We've provided some code in `utils.py` to read this; take a look at that file for the details.

In [4]:
tags = ["O", "PER", "ORG", "LOC", "MISC"]
tag_to_num = {t:i for i,t in enumerate(tags)}
num_to_tag = {i:t for i,t in enumerate(tags)}
print tag_to_num

# Load to list( list( (word, tag) ) )
train_docs = utils.load_dataset("data/ner/train")
dev_docs = utils.load_dataset("data/ner/dev")

# Build vocabulary
word_stream = utils.canonicalize_words(utils.flatten([w for w,t in doc] 
                                                     for doc in train_docs))
vocab = vocabulary.Vocabulary(word_stream, size=V)

# Load to windows
train_w, train_y = utils.docs_to_windows(train_docs, tag_to_num, vocab, k)
dev_w, dev_y = utils.docs_to_windows(dev_docs, tag_to_num, vocab, k)

print "Train set: %d rows with" % len(train_w),
print "%d non-O tags" % sum(train_y != tag_to_num["O"])
print "Dev set: %d rows with" % len(dev_w),
print "%d non-O tags" % sum(dev_y != tag_to_num["O"])

{'ORG': 2, 'MISC': 4, 'PER': 1, 'O': 0, 'LOC': 3}
Train set: 203621 rows with 34043 non-O tags
Dev set: 51362 rows with 8603 non-O tags


Here's a sample of the loaded data, converting the indices back to strings:

In [5]:
cols = ["w_{i-2}", "w_{i-1}", "w_{i}", "w_{i+1}", "w_{i+2}", "y"]
utils.pretty_print_matrix(np.hstack([train_w[:5], 
                                     train_y[:5].reshape([-1,1])]), 
                          cols=cols, dtype=int)

def show_window(w, y):
  return ("[ %s ]" % " ".join(vocab.ids_to_words(w)) 
          + "- %s" % num_to_tag[y])
  
for i in range(5):
  print show_window(train_w[i], train_y[i])

Unnamed: 0,w_{i-2},w_{i-1},w_{i},w_{i+1},w_{i+2},y
0,0,0,948,12151,198,2
1,0,948,12151,198,590,0
2,948,12151,198,590,10,4
3,12151,198,590,10,3989,0
4,198,590,10,3989,207,0


[ <s> <s> eu rejects german ]- ORG
[ <s> eu rejects german call ]- O
[ eu rejects german call to ]- MISC
[ rejects german call to boycott ]- O
[ german call to boycott british ]- O


## Training our Model

With our data in array form, we can train our model much like any machine learning model.
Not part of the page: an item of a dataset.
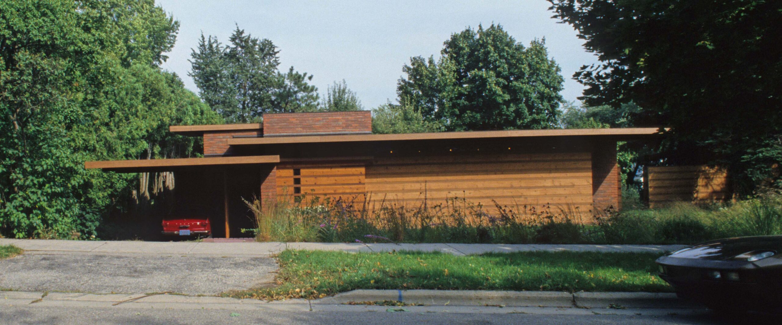 「ユーソニア(Usonia)」とはアメリカ合衆国を指す造語です。ライトはヨーロッパのまねではなく、アメリカ大陸の環境に順応し、アメリカ人の生活にふさわしい快適で経済的な住宅の開発にかねてから熱心でした。世界大恐慌や個人的スキャンダルで仕事を失っていた時期も、架空プロジェクトとして新しい工法の開発に取り組んでいました。そんな時に若い新聞記者Jacobs氏がライトにローコスト住宅を依頼してきたのです。ライトは精力的にこの小住宅に取り組みました。少ない予算に対応するため簡略化された構法を開発し、ローコストとハイクオリティの両立を実現したのです。
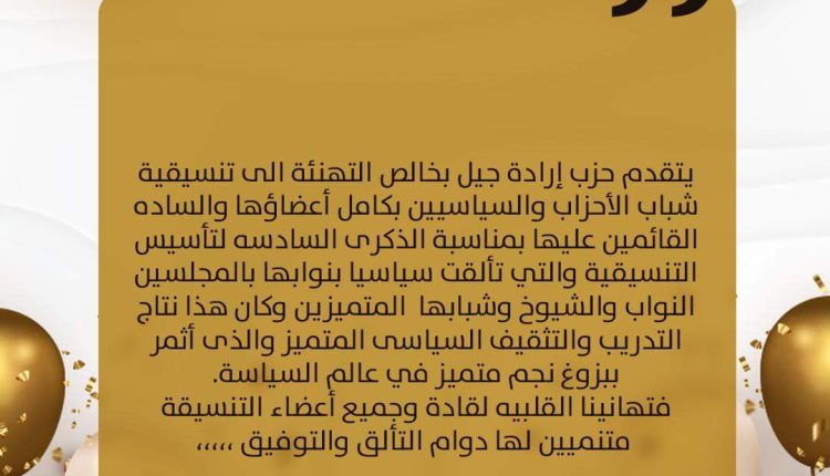 يتقدم حزب إرادة جيل بخالص التهنئة الى تنسيقية شباب الأحزاب والسياسيين بكامل أعضاؤها والساده القائمين عليها بمناسبة الذكرى السادسه لتأسيس التنسيقية والتي تألقت سياسيا بنوابها بالمجلسين النواب والشيوخ وشبابها المتميزين وكان هذا نتاج التدريب والتثقيف السياسى المتميز والذى أثمر ببزوغ نجم متميز في عالم السياسة.

The code below is almost identical to the Week 4 NPLM notebook.

We'll optimize cross-entropy loss as usual, but instead of measuring perplexity to evaluate performance, we'll measure F1 score on the non-O classes.

In [6]:
##
# Helper functions for training, to reduce boilerplate code

def train_batch(session, batch, alpha):
    feed_dict = {w_:batch[0],
                 y_:batch[1],
                 alpha_:alpha}
    c, _ = session.run([loss_, train_step_],
                       feed_dict=feed_dict)
    return c

def score_batch(session, batch):
  feed_dict = {w_:batch[0],
               y_:batch[1]}
  return session.run([loss_, pred_max_], feed_dict=feed_dict)
  
def batch_generator(w, y, batch_size):
    """Generate minibatches from data."""
    assert(len(w) == len(y))
    for i in xrange(0, len(w), batch_size):
        yield w[i:i+batch_size], y[i:i+batch_size]

We'll also define some helpers to compute and measure our predictions:

In [7]:
##
# Evaluation code for multi-class prediction
from sklearn import metrics

def eval_performance(y_true, y_pred, tagnames):
  pre, rec, f1, support = metrics.precision_recall_fscore_support(y_true, y_pred)
  avg_pre = (100*sum(pre[1:] * support[1:])/sum(support[1:]))
  avg_rec = (100*sum(rec[1:] * support[1:])/sum(support[1:]))
  avg_f1 = (100*sum(f1[1:] * support[1:])/sum(support[1:]))
  print "mean P, R, F1: %.02f%% / %.02f%% / %.02f%%" % (avg_pre, avg_rec, avg_f1)
    
def pred_dataset(session, w, y):
  y_pred = []
  for batch in batch_generator(w, y, batch_size=1000):
    _, yp = score_batch(session, batch)
    y_pred.extend(yp)
  return y_pred

And finally, we'll train our model and evaluate on the dev set! The model should train very quickly, less than a minute or so with the default parameters - although this depends somewhat on your hardware.

In [8]:
# One epoch = one pass through the training data
num_epochs = 3
batch_size = 100
alpha = 0.1  # learning rate
print_every = 1000

np.random.seed(42)

session = tf.Session()
session.run(init_)

t0 = time.time()
for epoch in xrange(1,num_epochs+1):
  t0_epoch = time.time()
  epoch_cost = 0.0
  print ""
  for i, batch in enumerate(batch_generator(train_w, train_y, batch_size)):
      if (i % print_every == 0):
          print "[epoch %d] seen %d minibatches" % (epoch, i)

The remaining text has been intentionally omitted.